-- DATA TO PROCESS follows --

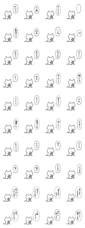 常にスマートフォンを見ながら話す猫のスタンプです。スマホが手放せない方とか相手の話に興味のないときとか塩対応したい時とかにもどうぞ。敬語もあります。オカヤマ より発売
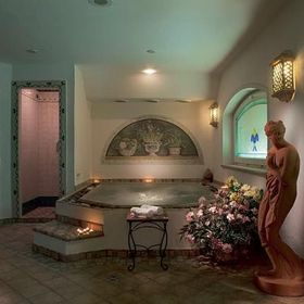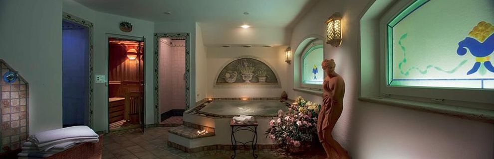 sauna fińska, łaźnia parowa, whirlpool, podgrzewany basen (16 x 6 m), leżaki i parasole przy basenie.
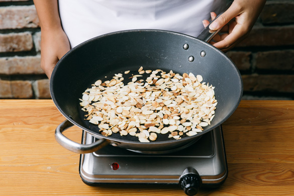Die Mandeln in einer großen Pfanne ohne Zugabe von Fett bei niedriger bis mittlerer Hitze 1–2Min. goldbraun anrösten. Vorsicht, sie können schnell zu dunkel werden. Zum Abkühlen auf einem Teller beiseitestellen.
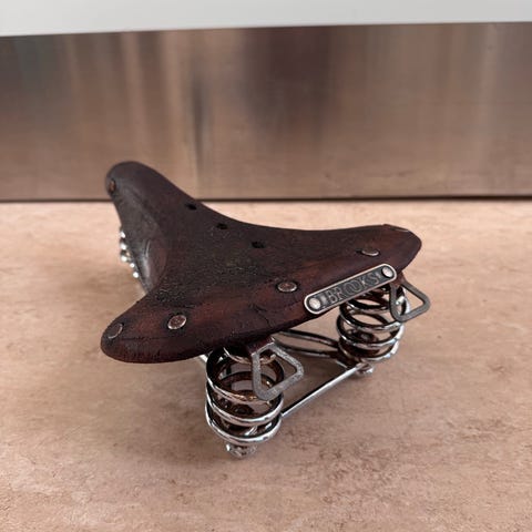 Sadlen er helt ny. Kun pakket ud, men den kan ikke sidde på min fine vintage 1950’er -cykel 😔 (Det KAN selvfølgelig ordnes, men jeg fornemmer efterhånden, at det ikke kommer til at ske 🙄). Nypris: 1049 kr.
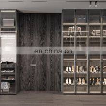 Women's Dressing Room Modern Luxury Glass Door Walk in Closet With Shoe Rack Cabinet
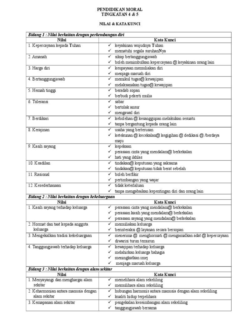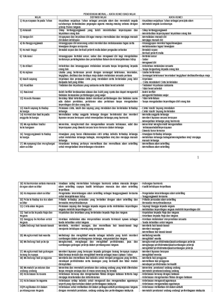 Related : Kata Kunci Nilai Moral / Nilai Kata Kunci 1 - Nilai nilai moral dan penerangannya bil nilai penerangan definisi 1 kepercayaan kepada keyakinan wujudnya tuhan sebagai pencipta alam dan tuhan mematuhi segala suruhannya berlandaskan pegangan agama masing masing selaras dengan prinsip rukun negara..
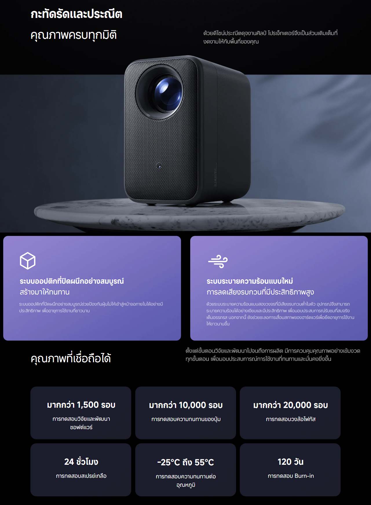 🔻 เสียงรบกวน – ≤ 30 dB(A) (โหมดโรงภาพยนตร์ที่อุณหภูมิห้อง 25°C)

-- DATA TO PROCESS concluded --

A faithful copy of all the entries is required, pictures excluded.

 常にスマートフォンを見ながら話す猫のスタンプです。スマホが手放せない方とか相手の話に興味のないときとか塩対応したい時とかにもどうぞ。敬語もあります。オカヤマ より発売
 sauna fińska, łaźnia parowa, whirlpool, podgrzewany basen (16 x 6 m), leżaki i parasole przy basenie.
Die Mandeln in einer großen Pfanne ohne Zugabe von Fett bei niedriger bis mittlerer Hitze 1–2Min. goldbraun anrösten. Vorsicht, sie können schnell zu dunkel werden. Zum Abkühlen auf einem Teller beiseitestellen.
 Sadlen er helt ny. Kun pakket ud, men den kan ikke sidde på min fine vintage 1950’er -cykel 😔 (Det KAN selvfølgelig ordnes, men jeg fornemmer efterhånden, at det ikke kommer til at ske 🙄). Nypris: 1049 kr.
 Women's Dressing Room Modern Luxury Glass Door Walk in Closet With Shoe Rack Cabinet
 Related : Kata Kunci Nilai Moral / Nilai Kata Kunci 1 - Nilai nilai moral dan penerangannya bil nilai penerangan definisi 1 kepercayaan kepada keyakinan wujudnya tuhan sebagai pencipta alam dan tuhan mematuhi segala suruhannya berlandaskan pegangan agama masing masing selaras dengan prinsip rukun negara..
 🔻 เสียงรบกวน – ≤ 30 dB(A) (โหมดโรงภาพยนตร์ที่อุณหภูมิห้อง 25°C)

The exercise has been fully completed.